Dive Brief:
- Virtually all companies have experienced some type of intrusion due to vulnerable code, application security firm Checkmarx said in a report released Thursday.
- Nearly eight in 10 firms reported experiencing such breaches in 2023, but that figure climbed more than 90% last year and reached 98% this year.
- At the same time, eight in 10 companies said they sometimes or often released software with code they knew was vulnerable, up from two-thirds in 2024. “This isn’t oversight,” Checkmarx said. “It’s strategy.”
Dive Insight:
While many cyberattacks exploit human error, including through social engineering, software vulnerabilities remain a potent way to penetrate a target network. But despite widespread awareness of this fact, Checkmarx said, “security breaches caused by vulnerable code remain widespread.”
“Most organizations know the risks,” the company observed, “yet too few are acting decisively to reduce them.”
The percentage of surveyed organizations that experienced four or more breaches per year nearly doubled since Checkmarx’s last annual survey, reaching 27% this year after hitting 16% in 2024.
Checkmarx said the rise “suggests a compounding risk effect, where each breach potentially weakens defenses, exposes additional vulnerabilities, or signals deeper systemic issues in the organization’s software development and security practices.”
Checkmarx’s report is based on surveys of 514 chief information security officers, 501 application security managers and 504 software developers in the U.S. and eight other countries.

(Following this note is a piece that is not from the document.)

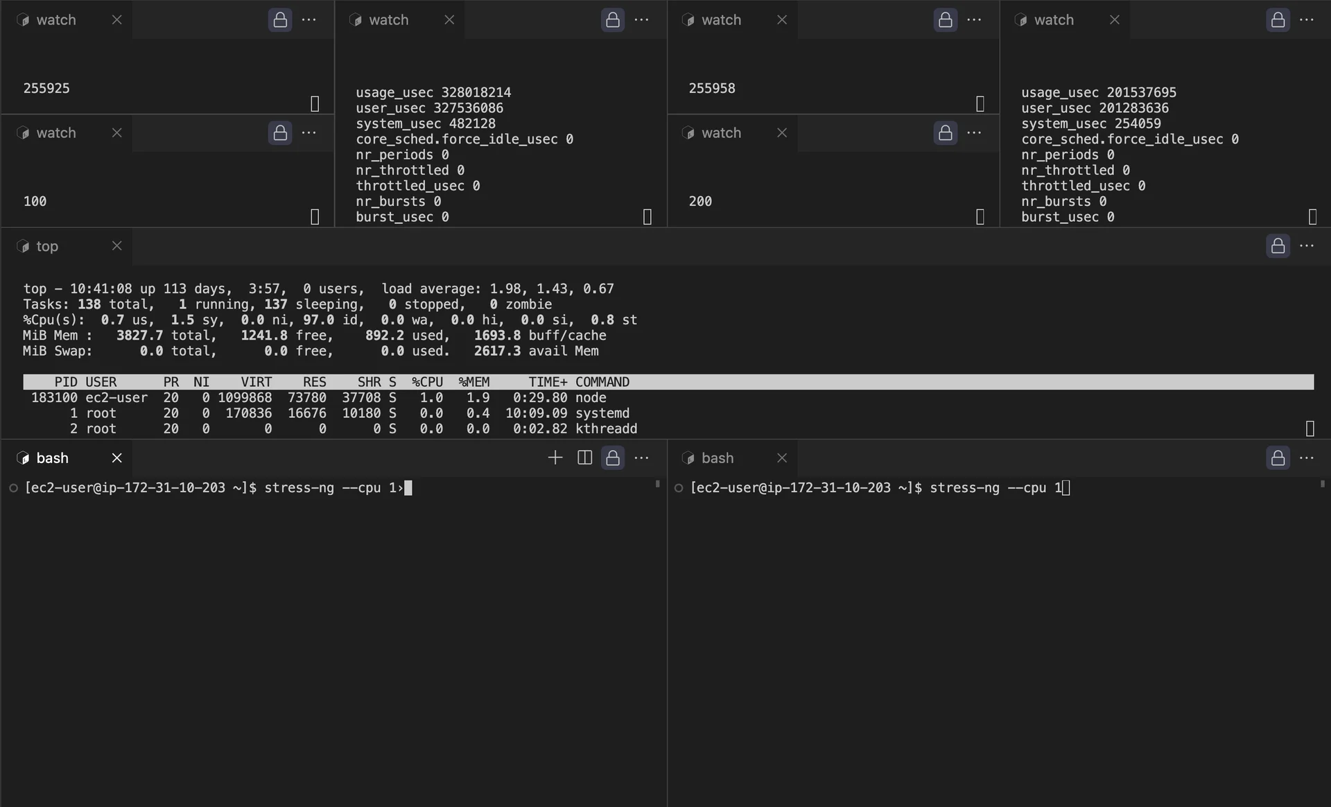 vCPU가 2이기 때문에 스트레스 도구의 인자가 2보다 커져야지 cpu.max로 인한 유의미한 테스트가 가능할 것으로 추정합니다.

More than a third of companies (35%) expect to experience a software supply-chain compromise in the next 12 to 18 months, topping the list of expected attack vectors. The same percentage of companies predicted that they would experience a breach due to a vendor intrusion, while roughly the same number of respondents predicted an intrusion due to a cloud service misconfiguration.
Only 31% of CISOs and application security managers consider their security program to be highly mature. Another 47% said they had above-average programs that had room for improvement. Checkmarx said it was alarmed to find that nearly 20% of respondents reported “significant gaps” in their programs.
Companies are also eagerly embracing AI-generated code. Half of respondents said they use AI security code assistants, but 18% of companies have policies governing the use of those tools. Additionally, only 12% of companies said they could adequately manage the security implications of using AI to generate code.